Plant combinations (Blue, purple and pink)

Ceanothus (Californian Lilac) is a highly scented shrub. An evergreen, it provides flowers and attracts beneficial insects. It prefers a full sun aspect but can cope with partial shade. It flowers early to mid summer. Pruning is very similar to Lavender. After flowering, just take the top off lightly.

Lavender is a popular choice mainly for the scent. It does prefer an alkaline soil so on the chalky side. It needs to be free draining so lighter is better. There are French (Lavendula dentata) and English (Lavendula angustifolia) varieties and their characteristics make them separable. French have little ears resembling those of Rabbits, slightly lighter lilac colour, more frost tender. English is a deeper purple and the plumes are upright. Prune the top growth after they have flowered or in spring when it has warmed up. Be mindful to leave some green growth at the base and is more an exercise of reshaping. It will stop them getting leggy / straggly.

Daphne odora is a scented shrub that provides flowers and foliage from late winter into spring. It doesn’t require any maintenance. It is worth mentioning the flowers form on last years wood so any pruning, do straight after it has flowered. Other than the odd rogue branch, it keeps its shape well. It prefers a sunny aspect and perhaps not tolerant of very dry conditions.

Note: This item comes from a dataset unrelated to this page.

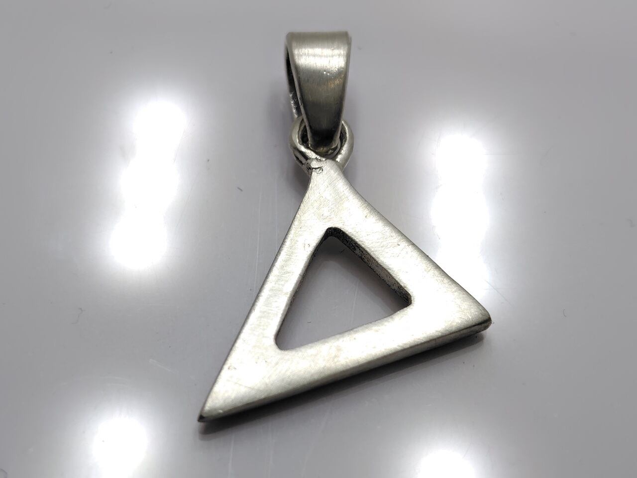 新木目金技法による三角形型フレームのペンダントトップです。正三角形や二等辺三角形のようなきっちりなものにはせず右下に向かって尖っていくシャープな印象の形状の三角形にしています。

Perovskia (Russian sage) is not really a shrub but effective in a mixed border. It needs to be cut back each year, it dies back. It will flower in summer, tolerant of drought conditions too. It’s good in poor soil, has purple flowers and aromatic foliage. It will look like its dead in the dormant period and will come into its own, springtime, round about now.

Azalea japonica prefer a more shaded area but will provide an abundance of colour from mid spring to summer. ‘Aladdin Scott’ is an orange variety suited to an acidic soil as with Azaeleas. There are both decidious A. ‘Jolie Madame’ (Pink) and evergreen A. ‘Chippewa’ varieties. Some scented A. ‘Tower beauty’ and some not ‘Homebush’.

Syringa meyeri (Lilac) ‘Paliban’ a dwarf variety that is highly scented and provides pink, perfumed blooms in late spring. S. vulgaris the most common ‘Belle de Nancy’ and provides double blooms early in the summer. Cut out any epicormic growth if it appears (suckers) it drains the shrub. It prefers an alkaline soil, the soil needs to be quite rich in humus matter too. It should have substance but nevertheless be well drained.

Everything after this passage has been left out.